I'm trying to repair a JSON feed using re.sub() regex expressions in Python. (I'm also working with the feed provider to fix it). I have two expressions to fix:

1.

      "milepost":       "
      "milepost":       "723.46

which are missing an end quote, and

2.

    },

}

which shouldn't have the comma. Note, there is no blank line between them, it's just "},\\n }" (trouble with this editor...)

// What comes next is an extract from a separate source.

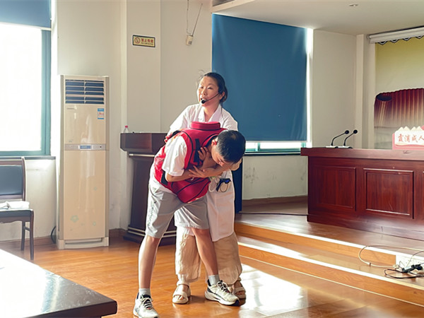 活动现场,医生结合实际案例和急救宣传课件资料,用通俗易懂的语言讲解了心肺复苏救援、海姆立克急救法以及常见突发情况的急救知识,并利用人体模型进行实操示范,就急救操作过程中按压位置、操作手法、基本要领等注意事项作了重点强调。

I have a short snippet of the feed, located at: http://hardhat.ahmct.ucdavis.edu/tmp/test.txt

Sample code below. Here, I have tests for finding the patterns, and then for doing the replacements. The match for #2 gives some odd results, but I can't see why: Brace matches found: [('}', '\\r\\n }')]

The match for #1 seems good.

Main problem is, when I do the re.sub, my resulting string has "\\x01\\x02" in it. I have no clue where this is coming from. Any advice greatly appreciated.

Sample code:

import urllib2
import json
import re

if __name__ == "__main__":
    # wget version of real feed:
    # url = "http://hardhat.ahmct.ucdavis.edu/tmp/test.json"
    # Short text, for milepost and brace substitution test:
    url = "http://hardhat.ahmct.ucdavis.edu/tmp/test.txt"
    request = urllib2.urlopen(url)
    rawResponse = request.read()
    # print("Raw response:")
    # print(rawResponse)

    # Find extra comma after end of records:
    p1 = re.compile('(}),(\r?\n *})')
    l1 = p1.findall(rawResponse)
    print("Brace matches found:")
    print(l1)

    # Check milepost:
    #p2 = re.compile('( *\"milepost\": *\")')
    p2 = re.compile('( *\"milepost\": *\")([0-9]*\.?[0-9]*)\r?\n')
    l2 = p2.findall(rawResponse)
    print("Milepost matches found:")
    print(l2)

    # Do brace substitutions:
    subst = "\1\2"
    response = re.sub(p1, subst, rawResponse)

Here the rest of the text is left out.